# The Basilica of the Immaculate Conception in DC



## Trblmkr (Mar 5, 2014)

I had a chance last weekend to photograph one of the largest Catholic Churches in the US.  To say this place was impressive is an understatement.  The following is from Wiki

"The *Basilica of the National Shrine of the Immaculate Conception* is a prominent Latin Rite Catholic basilica located in Washington, D.C., United States of America, honoring the Blessed Virgin Mary as Our Lady of the Immaculate Conception, the principal Patroness of the USA.
The shrine is the largest Catholic church in the United States, the largest church of any kind in the western hemisphere, the eighth largest church building in the world, and the tallest habitable building in Washington, D.C.[SUP][2][/SUP][SUP][3][/SUP][SUP][4][/SUP] An estimated one million pilgrims from around the country and the world visit the basilica each year. The basilica is on Michigan Avenue in the northeast quadrant of Washington, on land donated by The Catholic University of America. As of 2013 the rector of the shrine was Monsignor Walter R. Rossi, who possesses a Licentiate of Canon Law."

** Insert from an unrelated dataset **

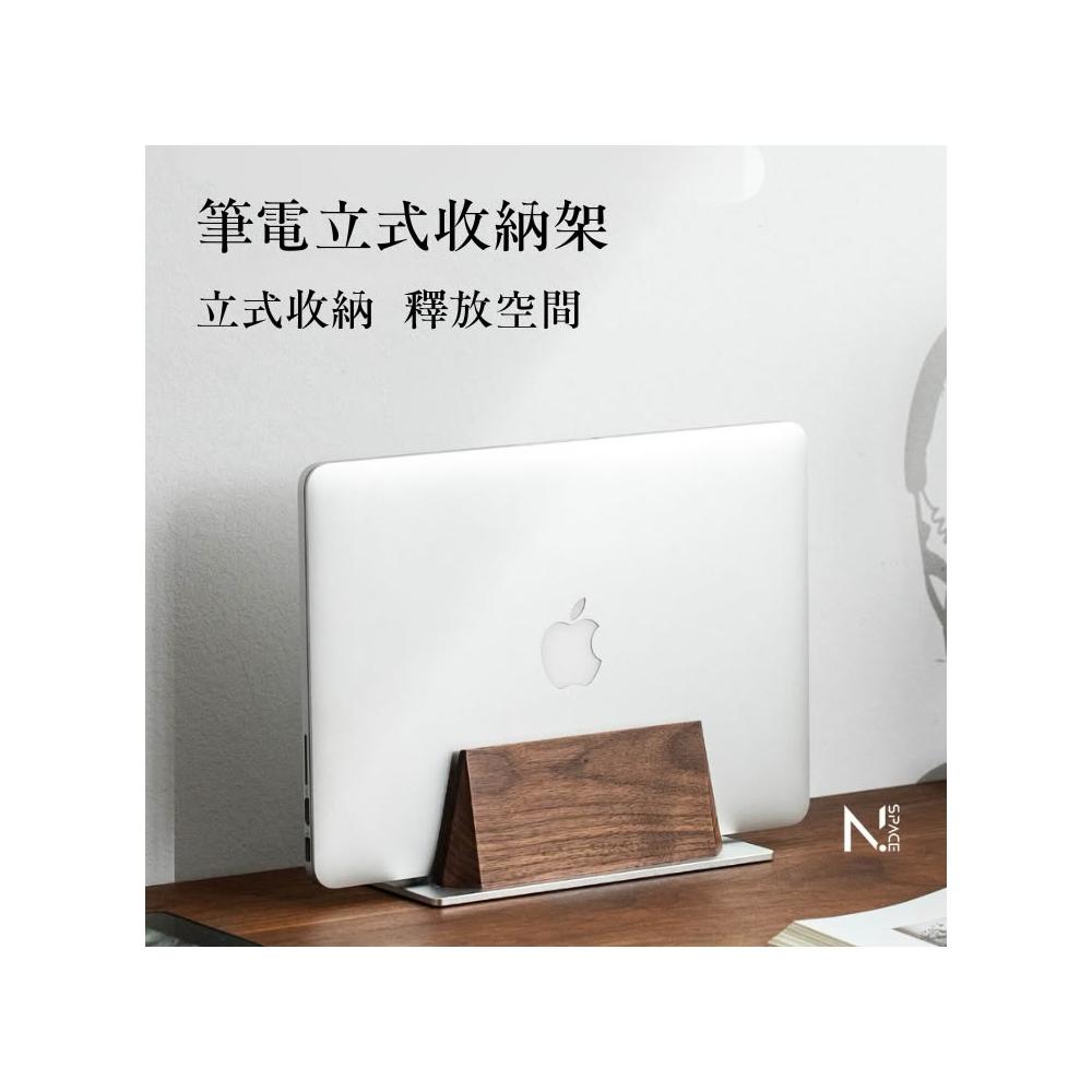 黑胡桃木筆電直立支架 矽膠保護 原木筆電立 頂級木材 百年耐用 胡桃木書立 誠品質感 無印質感

3 exposure HDR (-2,0,+2) shot with a tripod, combined in Photomatix, and then imported into lightroom for further adjustments (same for the rest of the pictures.)
All were shot in AP mode using my Sigma 17-50mm lens

1. This is on the lower level of the church, and is called the The Crypt Church. 
ISO 100
f/8



20140301 Basilica of the Immaculate Conception 126 by Dan_Girard, on Flickr

2. Blessed Sacrament Chapel
ISO 100
f/11



20140301 Basilica of the Immaculate Conception 087 by Dan_Girard, on Flickr

3. The Universal Call to Holiness
ISO 100
f/11



20140301 Basilica of the Immaculate Conception 051_2_3_tonemapped by Dan_Girard, on Flickr

4. The Schudi Organ from the Crypt Room.
ISO 100
f/8



20140301 Basilica of the Immaculate Conception 120 by Dan_Girard, on Flickr

I have enough for a second set if there is any interest in me posting those.


----------



## BillM (Mar 5, 2014)

Just went through all the DC shots in your photo stream, you have a real nice eye for composition. I really enjoyed the symmetry in the shots :thumbup:


----------



## Trblmkr (Mar 6, 2014)

Thank you very much BillM


----------



## Designer (Mar 6, 2014)

_"I have enough for a second set if there is any interest in me posting those."_

I am interested.


----------



## CaboWabo (Mar 6, 2014)

Yes please post the second set great photos


----------



## NancyMoranG (Mar 6, 2014)

Very nice. Would love to see more.
Nancy


----------



## oldhippy (Mar 6, 2014)

Would love to see more.


----------



## Steve5D (Mar 6, 2014)

Those first two are pretty stunning...


----------



## FanBoy (Mar 6, 2014)

Beautiful demonstration of HDR.


----------



## Nevermore1 (Mar 6, 2014)

You did an amazing job!  I haven't been to the Cathedral since I was in elementary school, I need to go back one day.  Too bad they are now needing to charge for entrance but I'm sure the repairs from the earthquake haven't been cheap.


----------



## Trblmkr (Mar 6, 2014)

Nevermore1 said:


> You did an amazing job!  I haven't been to the Cathedral since I was in elementary school, I need to go back one day.  Too bad they are now needing to charge for entrance but I'm sure the repairs from the earthquake haven't been cheap.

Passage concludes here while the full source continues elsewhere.